En 1915 Duchamp part pour les Etats-Unis. Poursuivant ses ready-made il y ajoute des inscriptions comme, sur sa pelle à neige : En prévision du bras cassé. La logique verbale seule transforme par l’humour l’objet usuel en autre chose. Il insiste de plus en plus sur cette dimension des mots. Par des sous-entendus il entend impliquer la réflexion du spectateur dans la perception de l’œuvre. A la délectation de l’œil succède donc celle de l’esprit.
C’est en 1917, à New York, qu'il propose à la Society for Independent Artists d’exposer un urinoir retourné sous le titre de Fontaine, signé du pseudonyme R. Mutt. Il joue avec le « R », abréviation familière pour « richard » et le nom d’une compagnie de sanitaires. Le jury, dont il fait lui-même partie, le refuse, lançant par là même l’épopée et le succès des ready-made. L’objet en question, acheté à l’époque par Walter Arensberg, (collectionneur à vie des œuvres de Duchamp) pour aider ce jeune R. Mutt inconnu, connaîtra diverses péripéties : disparition, réapparition avant d'être définitivement perdu. 

Marcel Duchamp, 1887 - 1968
Fontaine, 1917 / 64, urinoir retourné en porcelaine, 63 x 48 x 35 cm
Centre Pompidou, Paris


Duchamp réfute tous les critères d’appréciation traditionnels de l’œuvre. L’artiste est celui qui remet en question les limites de l’art en les poussant de plus en plus loin : la notion d’original, le critère esthétique, le savoir-faire. Tout objet peut être détourné de sa fonction d’usage et, par son installation dans un milieu muséal, gagner sa nouvelle qualification d’œuvre d’art.

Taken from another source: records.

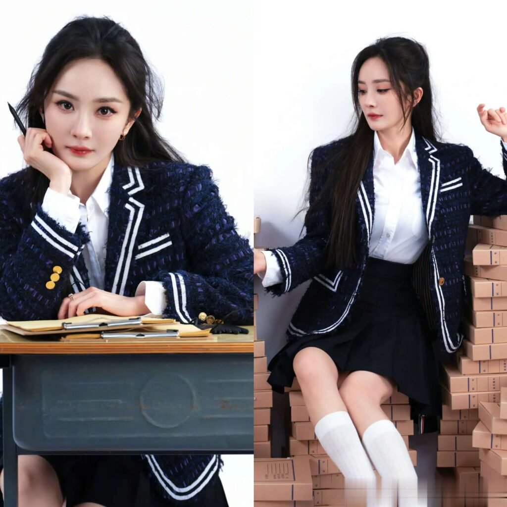 By contrast, Yang Mi appeared at a gaming finals event wearing a plaid mini skirt styled with white knee-high socks, a combination commonly associated with school-inspired aesthetics. From a technical standpoint, the outfit maintained balanced proportions and highlighted her well-maintained physique. However, the stronger reliance on recognizable “schoolgirl” signifiers made the styling feel more performative. When live-stream footage circulated alongside polished promotional images, online commentary shifted toward examining the gap between curated visuals and real-time appearances. The debate did not focus solely on age but on intention: whether the look represented playful reinvention or an insistence on preserving a narrowly defined youthful label.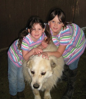 Part of our plan in getting this daily escape to come to a halt is giving him a partner. In a week to two weeks I will pick up a 3 month old female from a friend in Oregon. We have high hopes supplying him with a buddy will be helpful in curbing his daily climb overs. Spinner was very happy for about 6 years with her partner Kingston(below with Claire on left and Emmy on right) until his untimely passing. Crossing all that dangles the adverse effect won't happen, he teaches her his tricks. We still have 5 strand barbed wire for perimeter fencing around all the 42 acres. Not exactly Pyr. fencing but it will be a bit before we can afford to fence the perimeter with 47" field fencing . So cross your fingers and dew claws for us that the cute young thing from the great state of Oregon turns this California boys head!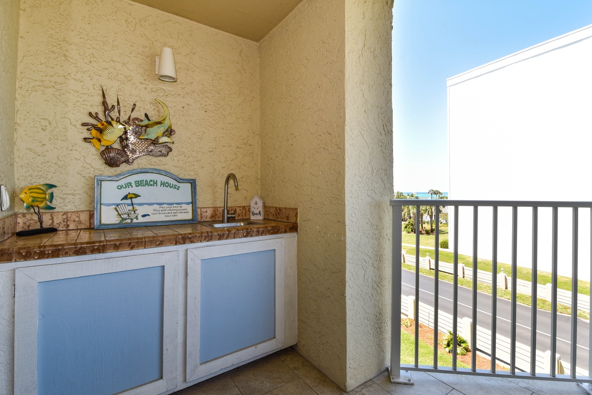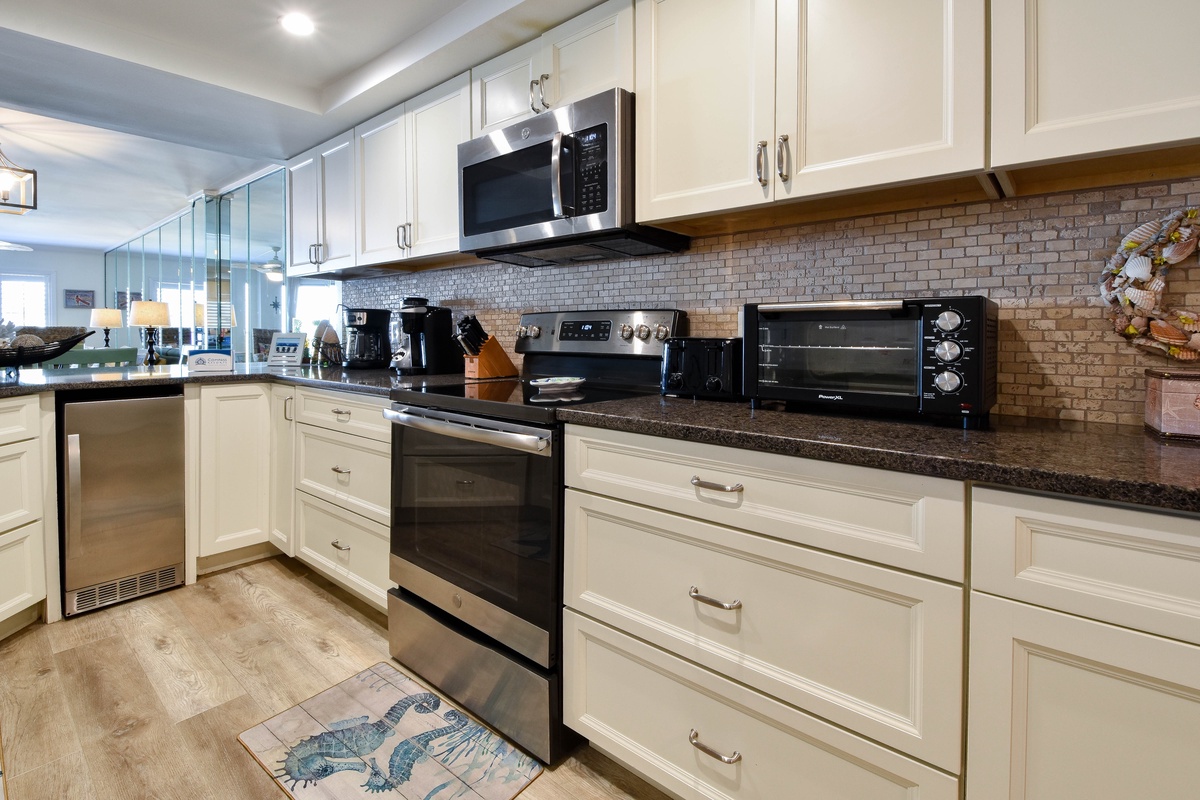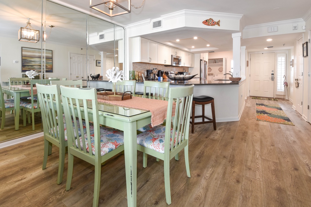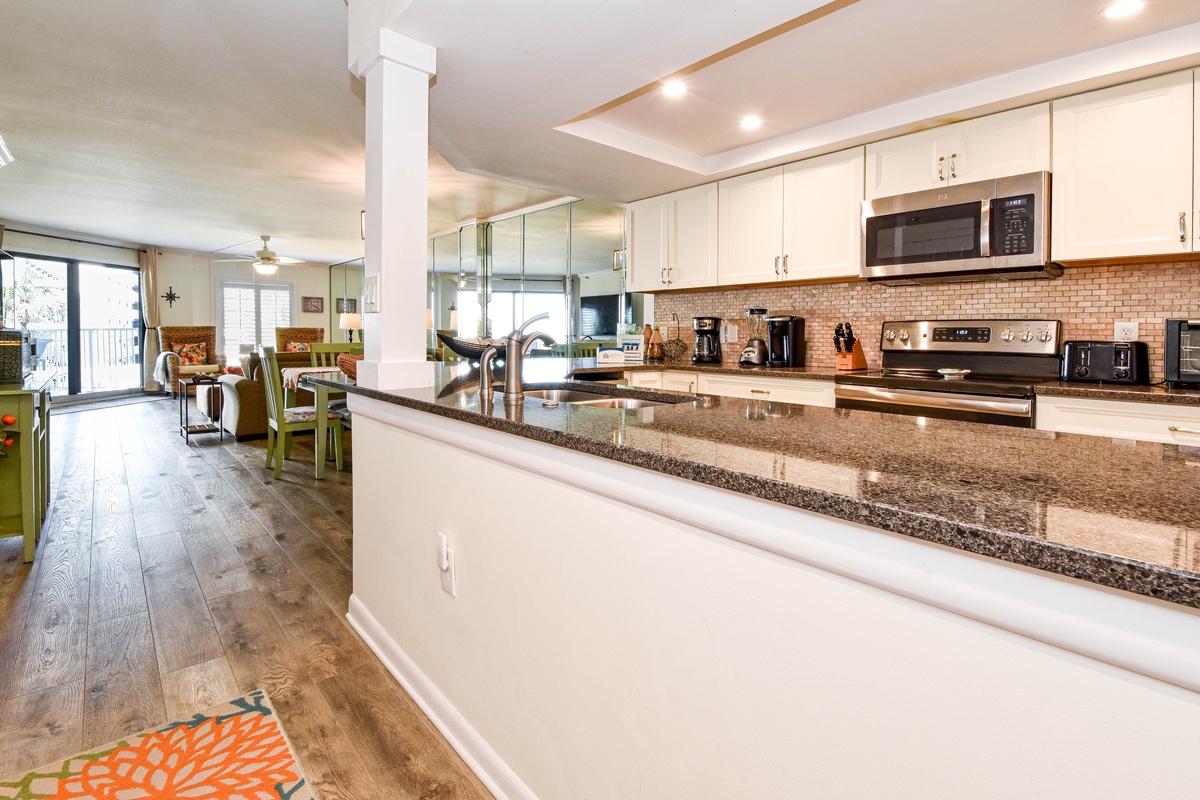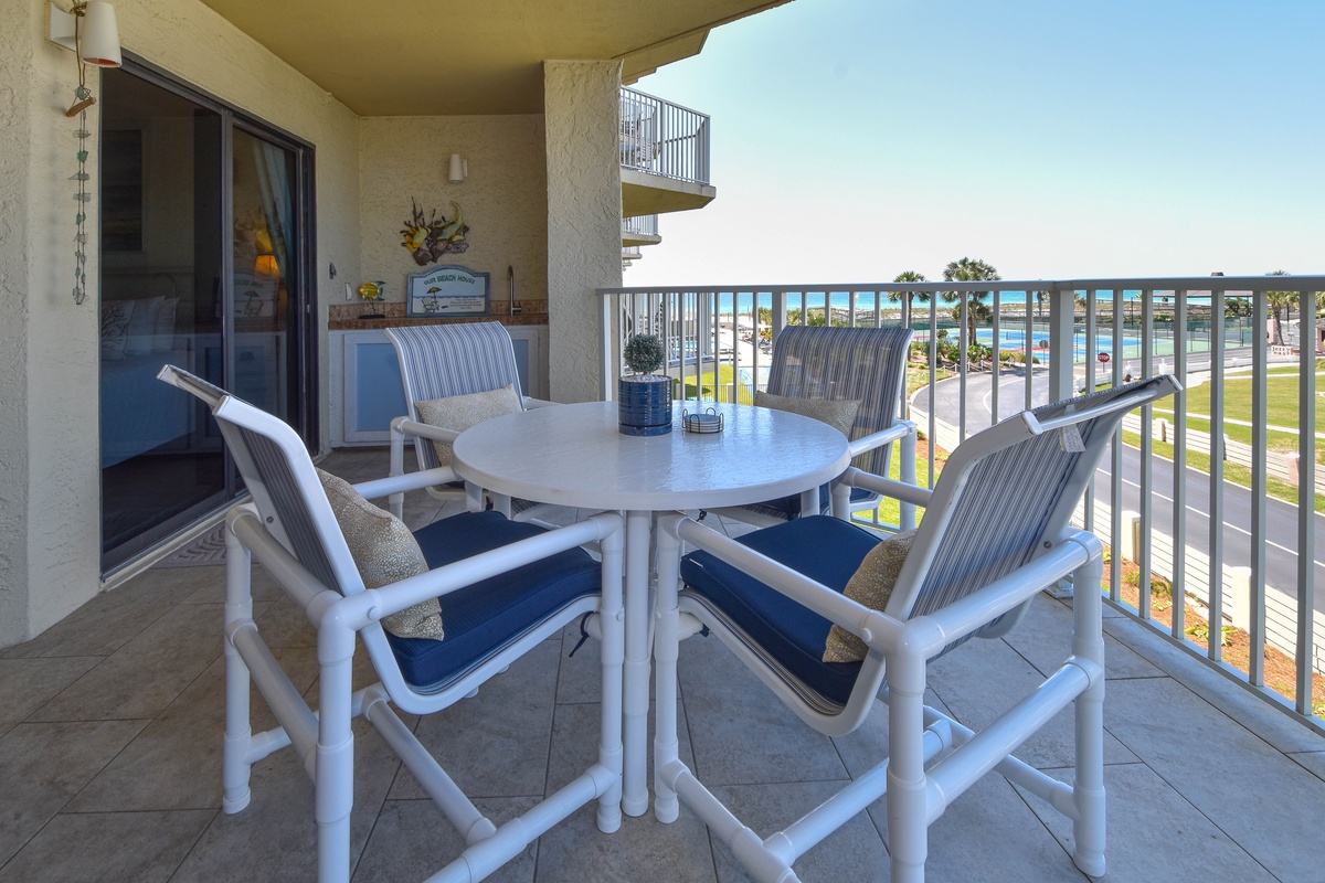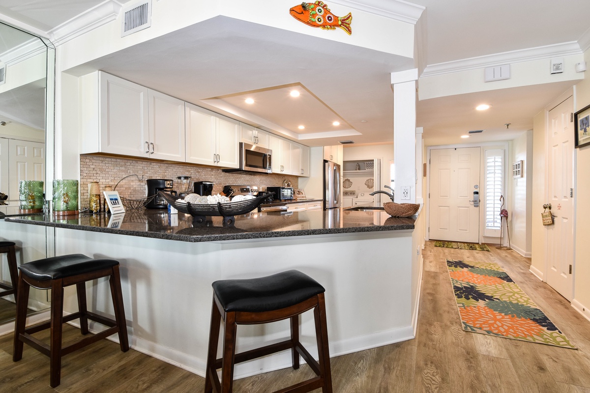 Inlet Reef 216 is decorated with a light and beachy feel to keep the relaxation going even when your feet aren't in the sand. The large and open living area boasts plenty of comfortable seating for the whole group around the smart TV. The couch doubles as a queen sleeper sofa for larger groups. The large sliding doors allow for plenty of natural light while offering access to the spacious private balcony. The balcony features Gulf views, comfortable seating, and a wet bar for plenty of evening drinks and memories to be made. The dining area seats up to six, with additional seating at the adjacent breakfast bar. The fully equipped kitchen has all the cookware, cutlery, and place settings to make homemade meals a breeze. The kitchen also features a built-in ice maker for refreshments, a small breakfast nook, and access to the full-sized washer and dryer.

Ce geste radical et inaugural est à l’origine d’un grand nombre de remises en cause du statut de l’art au XX ème siècle et d’une percée de l’objet dans le champ des arts plastiques.







Notes
1. André Félibien, historiographe, secrétaire de l’Académie royale d’architecture et conservateur du Cabinet des antiquités sous Colbert et Louis XIV, Préface aux Conférences de l’Académie royale de peinture et de sculpture de l’année 1667)
2. A l'opposé, Degas habille l’une de ses sculptures en bronze (Petite danseuse de quatorze ans, 1880), d’un véritable tutu. 
3. Bien qu'il doive à une peinture : Nu descendant l’escalier, 1912, un scandale qui le fait remarquer de la scène new yorkaise.
4. Objet usuel promu à la dignité d'oeuvre d'art par le simple choix de l'artiste, selon la définition donnée dans le Dictionnaire abrégé du Surréalisme par André Breton en 1938.